◆ **The problem**
From start to finish, set down the entries below exactly, leaving out the pictures.

◆ **Data records**

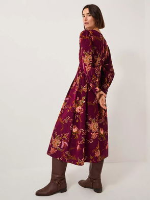 Mia Embroidered Corduroy Midi Dress, Cherry
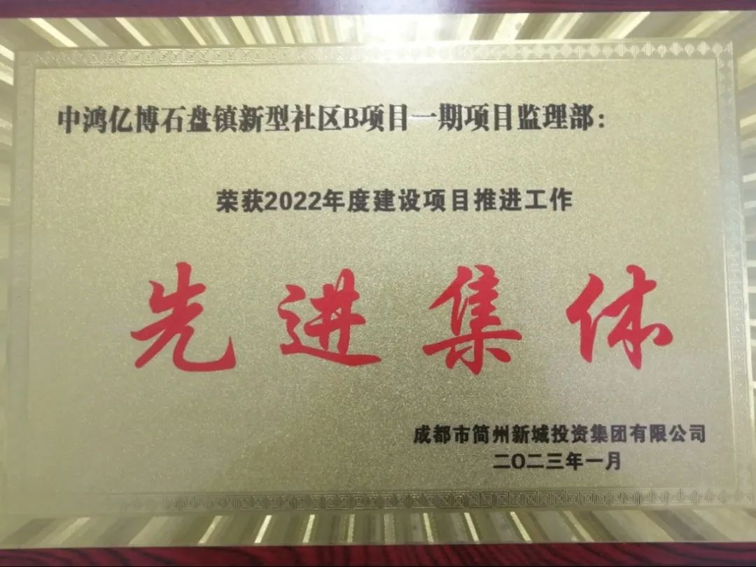 近日,由集团提供监理服务的“石盘镇新型社区B项目(一期)”获评简投集团2022年度建设项目推进工作“先进集体”称号。
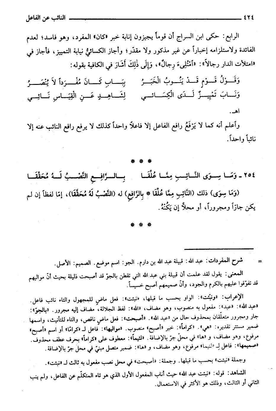 الشاهد: قوله: "نبئت عبد الله" حيث أناب المفعول الأول الذي هو تاء المتكلم عن الفاعل، ولم ينب الثاني أو الثالث، وذلك هو الأكثر في الاستعمال.
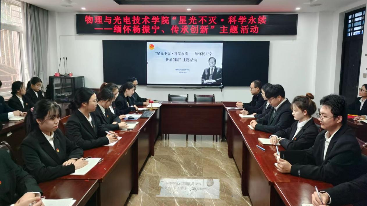 10月21日下午,ok138cn太阳集团在石鼓校区主教学楼207会议室开展“星光不灭·科学永续——缅怀杨振宁、传承创新”主题活动。
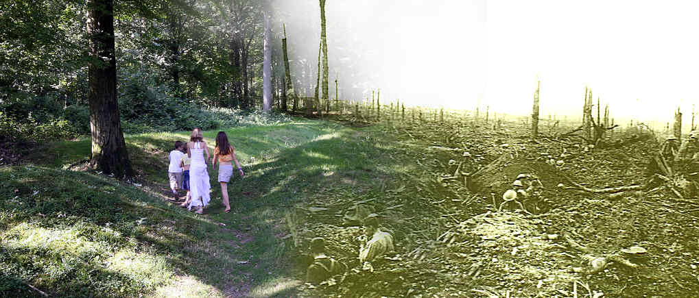 The whole of Delville Wood is now a regarded as a military cemetary with all the rides marked out and has a number of memorials. There is a South African Commemorative museum and an information centre. The Delville Wood cemetary is across the road.
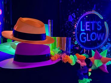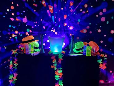 Ask your party guests to wear neon (fluorescent) or white coloured clothing - they'll become part of the decor.
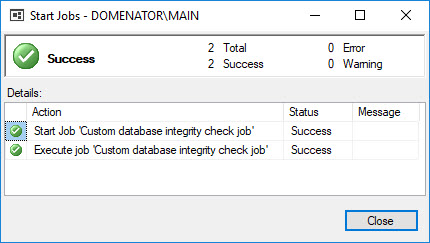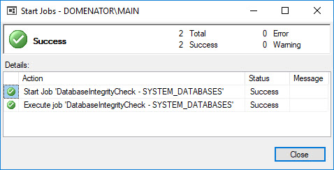 When used with the default settings, the database integrity check jobs runs the DBCC CHECKDB command against system or user databases. The integrity check is often performed to ensure that there are no traces of corruption on a database. If the check fails, it is strongly advised to determine and remove the source of corruption to prevent the potential data loss.
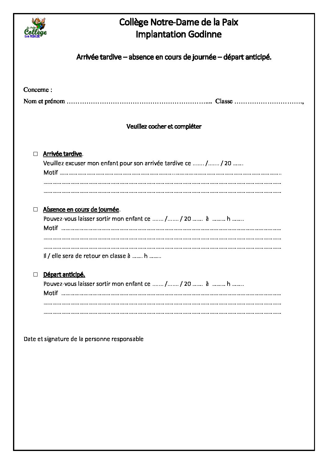 Justificatif d’absence d’un jour et plus Télécharger le document d’Erpent Télécharger le document du Petit Collège de Godinne Arrivée tardive ou départ anticipatif Télécharger le document d’Erpent Télécharger le document du Petit Collège de Godinne
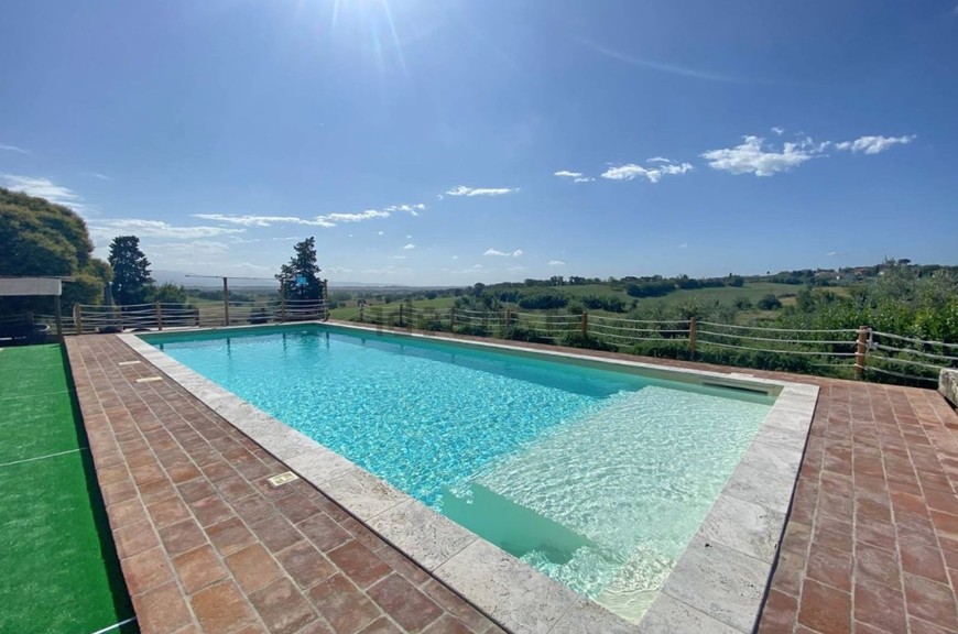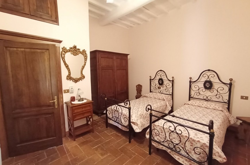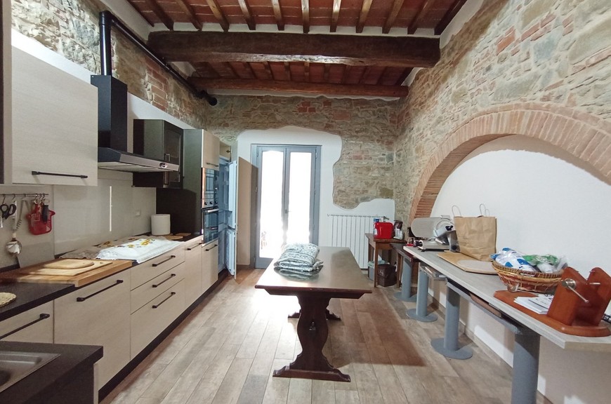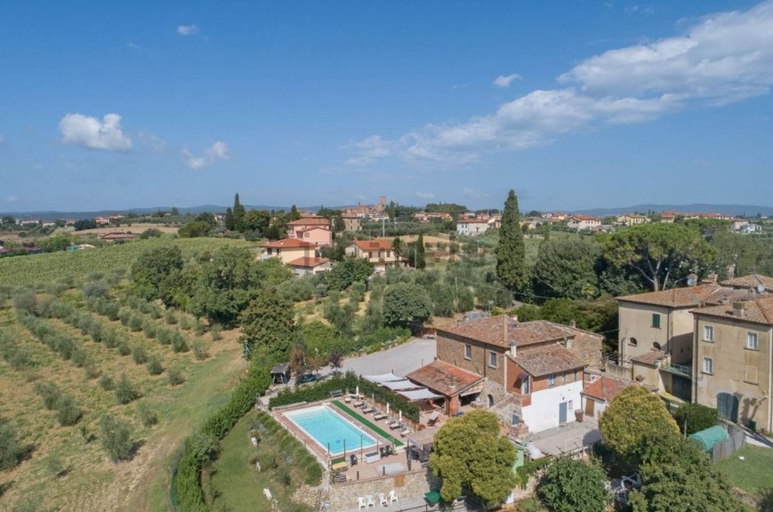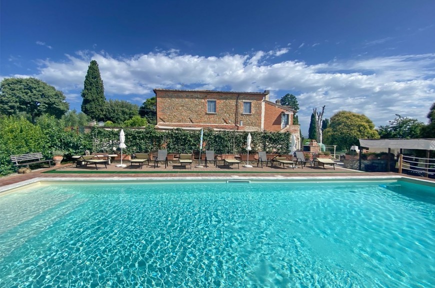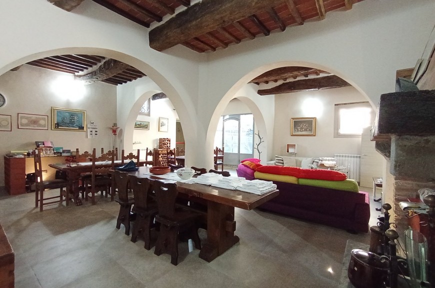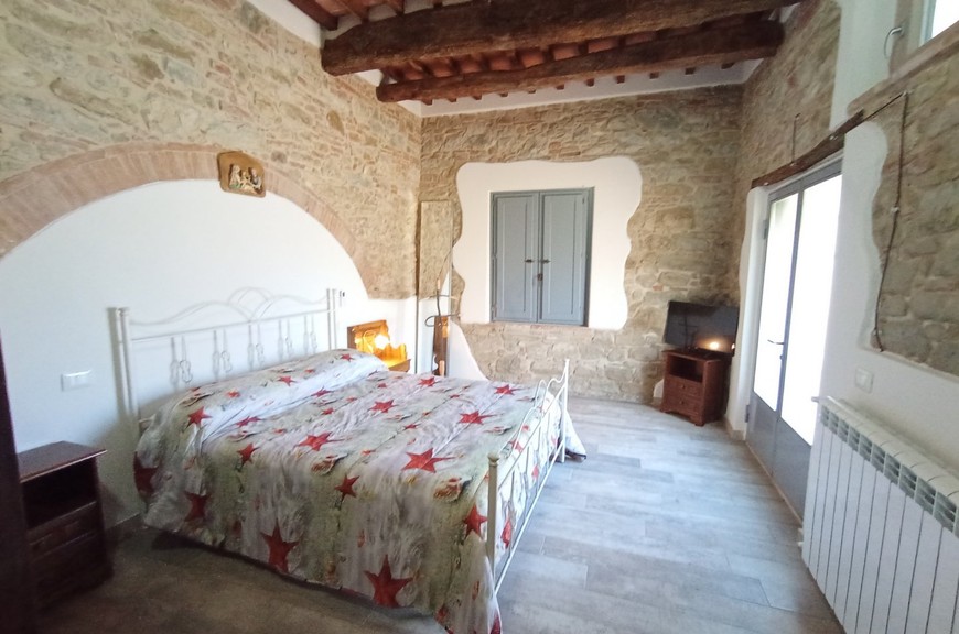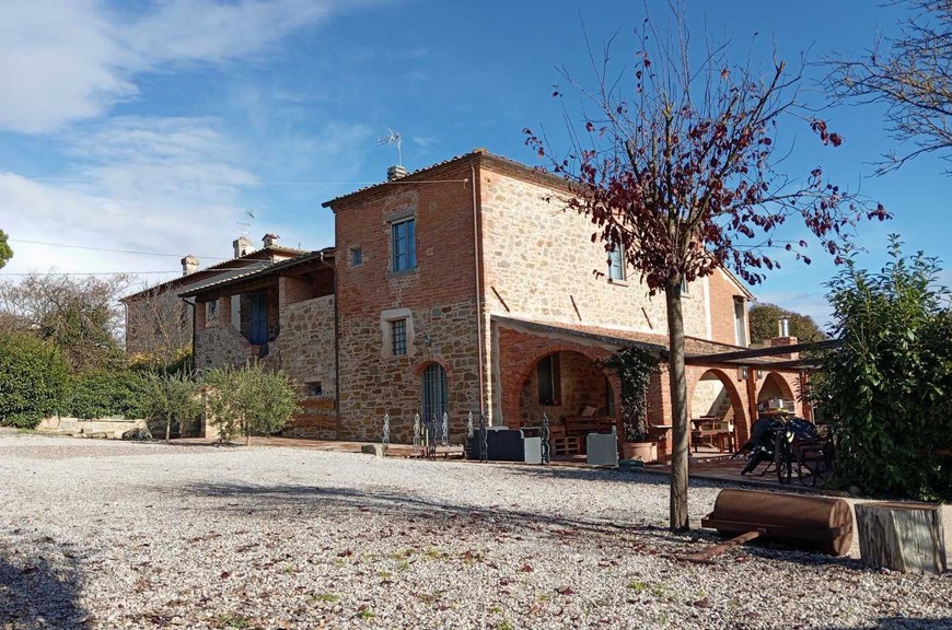 Il Vecchio Frantoio, è uno splendido casale sapientemente e recentemente ristrutturato, ubicato alle porte del centro storico di Marciano della Chiana, in posizione di media collina. Il complesso ha una superficie di circa 400 mq lordi commerciali, disposti su due livelli, e suddivisi in 3 appartamenti così disposti: 1) al piano terreno troviamo l'abitazione principale di circa 200 mq, ricavata nei locali che ospitavano il vecchio frantoio, e dove sono ancora presenti le originarie strutture con volte e colonne in mattoni; il grande salone centrale distribuisce alle 2 camere interne, oltre che due esterne con accesso indipendente, tutte con bagno privato, oltre cucina/pranzo, ; 2) al piano primo abbiamo un altro appartamento di circa 80 mq. con cucina/pranzo, 2 camere e bagno; 3) il terzo alloggio di circa 120 mq posto al piano primo, ospita una cucina/pranzo, 4 camere da letto e 2 bagni. Esternamente, nel cortile, c'è una piscina di dimensioni 12x5 che si affaccia sulla sottostante vallata, ed il cortile con terreno, per una superficie complessiva di circa 1800 mq. La struttura si presta particolarmente ad un utilizzo ricettivo, come avviene attualmente, con ottimi ricavi. Principali distanze: Casello A1, 5 km, Arezzo 25 km, Cortona 20 km, Firenze 80 km, Siena 55 km
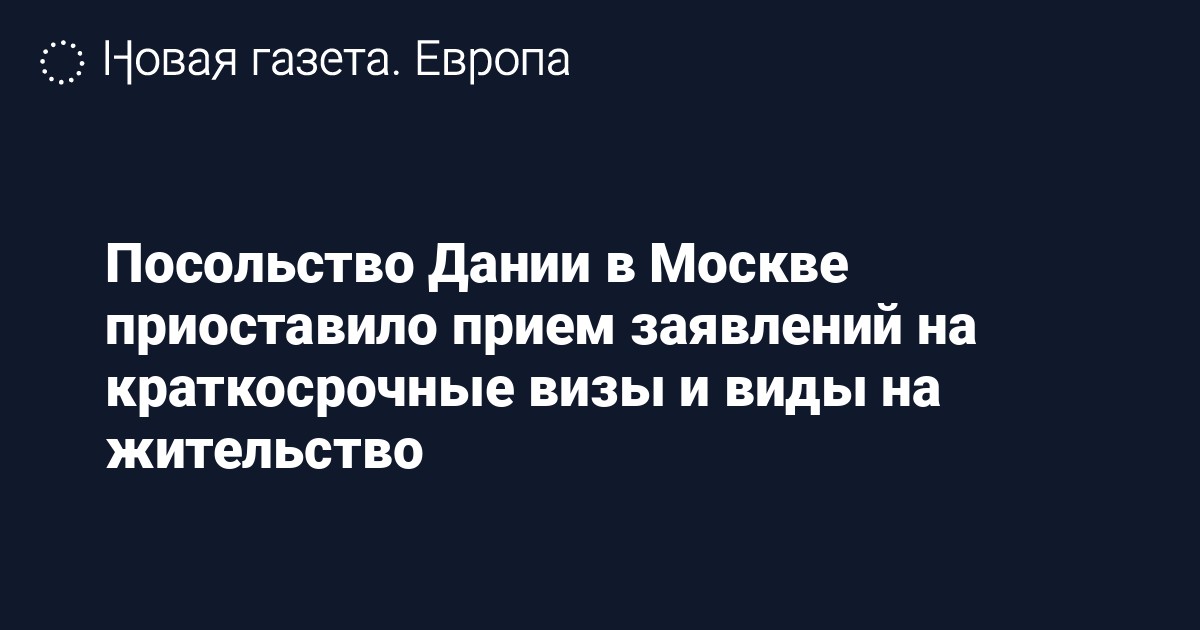 Посольство Дании в Москве приостановило прием заявлений на получение краткосрочных виз и видов на жительство. Об этом говорится на сайте датской дипмиссии.
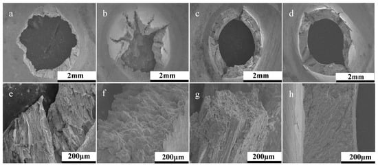 Post-rupture fractography of 30° Parameter Set 2 AB (a,e), HT (b,f), and 90° Parameter Set 2 AB (c,g) and HT (d,h).
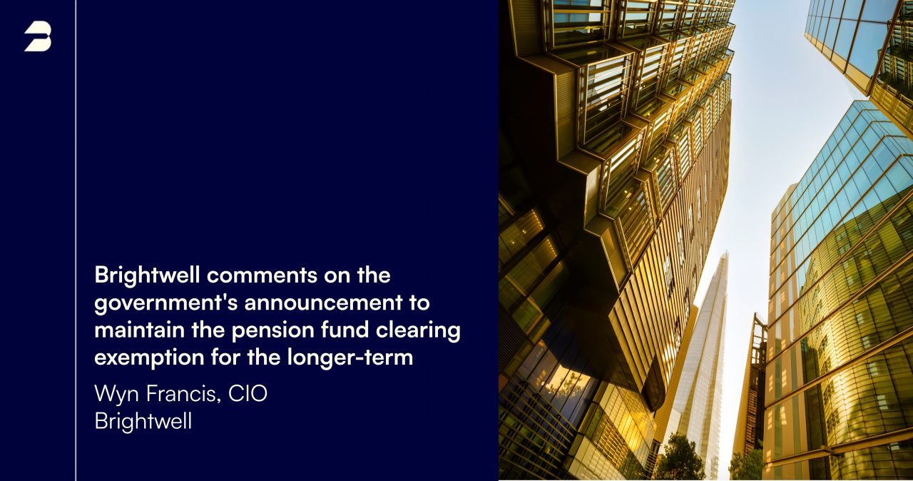 Commenting on the announcement, Wyn Francis, CIO, Brightwell said: “The government’s announcement to maintain the pension fund clearing exemption for the longer-term will be welcome news for pension schemes and their sponsors.
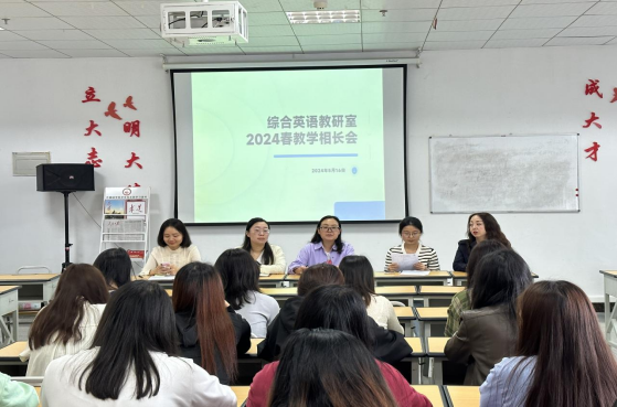 2024年5月16日中午12:10分,点点taptap综合英语教研室在专业5教室召开了2024年春季学期教学相长会。会议由综合英语教研室主任何永娇老师主持。任课教师张泽玫、官姝雅、阮晔、周田莉、谭婷婷、刘红、罗雯、秦雪飞及2022级、2023级共50名英语专业员工代表参加了此次教学相长会。

◆ **Task answer**
 Mia Embroidered Corduroy Midi Dress, Cherry
 近日,由集团提供监理服务的“石盘镇新型社区B项目(一期)”获评简投集团2022年度建设项目推进工作“先进集体”称号。
 الشاهد: قوله: "نبئت عبد الله" حيث أناب المفعول الأول الذي هو تاء المتكلم عن الفاعل، ولم ينب الثاني أو الثالث، وذلك هو الأكثر في الاستعمال.
 10月21日下午,ok138cn太阳集团在石鼓校区主教学楼207会议室开展“星光不灭·科学永续——缅怀杨振宁、传承创新”主题活动。
 The whole of Delville Wood is now a regarded as a military cemetary with all the rides marked out and has a number of memorials. There is a South African Commemorative museum and an information centre. The Delville Wood cemetary is across the road.
 Ask your party guests to wear neon (fluorescent) or white coloured clothing - they'll become part of the decor.
 When used with the default settings, the database integrity check jobs runs the DBCC CHECKDB command against system or user databases. The integrity check is often performed to ensure that there are no traces of corruption on a database. If the check fails, it is strongly advised to determine and remove the source of corruption to prevent the potential data loss.
 Justificatif d’absence d’un jour et plus Télécharger le document d’Erpent Télécharger le document du Petit Collège de Godinne Arrivée tardive ou départ anticipatif Télécharger le document d’Erpent Télécharger le document du Petit Collège de Godinne
 Il Vecchio Frantoio, è uno splendido casale sapientemente e recentemente ristrutturato, ubicato alle porte del centro storico di Marciano della Chiana, in posizione di media collina. Il complesso ha una superficie di circa 400 mq lordi commerciali, disposti su due livelli, e suddivisi in 3 appartamenti così disposti: 1) al piano terreno troviamo l'abitazione principale di circa 200 mq, ricavata nei locali che ospitavano il vecchio frantoio, e dove sono ancora presenti le originarie strutture con volte e colonne in mattoni; il grande salone centrale distribuisce alle 2 camere interne, oltre che due esterne con accesso indipendente, tutte con bagno privato, oltre cucina/pranzo, ; 2) al piano primo abbiamo un altro appartamento di circa 80 mq. con cucina/pranzo, 2 camere e bagno; 3) il terzo alloggio di circa 120 mq posto al piano primo, ospita una cucina/pranzo, 4 camere da letto e 2 bagni. Esternamente, nel cortile, c'è una piscina di dimensioni 12x5 che si affaccia sulla sottostante vallata, ed il cortile con terreno, per una superficie complessiva di circa 1800 mq. La struttura si presta particolarmente ad un utilizzo ricettivo, come avviene attualmente, con ottimi ricavi. Principali distanze: Casello A1, 5 km, Arezzo 25 km, Cortona 20 km, Firenze 80 km, Siena 55 km
 Посольство Дании в Москве приостановило прием заявлений на получение краткосрочных виз и видов на жительство. Об этом говорится на сайте датской дипмиссии.
 Post-rupture fractography of 30° Parameter Set 2 AB (a,e), HT (b,f), and 90° Parameter Set 2 AB (c,g) and HT (d,h).
 Commenting on the announcement, Wyn Francis, CIO, Brightwell said: “The government’s announcement to maintain the pension fund clearing exemption for the longer-term will be welcome news for pension schemes and their sponsors.
 2024年5月16日中午12:10分,点点taptap综合英语教研室在专业5教室召开了2024年春季学期教学相长会。会议由综合英语教研室主任何永娇老师主持。任课教师张泽玫、官姝雅、阮晔、周田莉、谭婷婷、刘红、罗雯、秦雪飞及2022级、2023级共50名英语专业员工代表参加了此次教学相长会。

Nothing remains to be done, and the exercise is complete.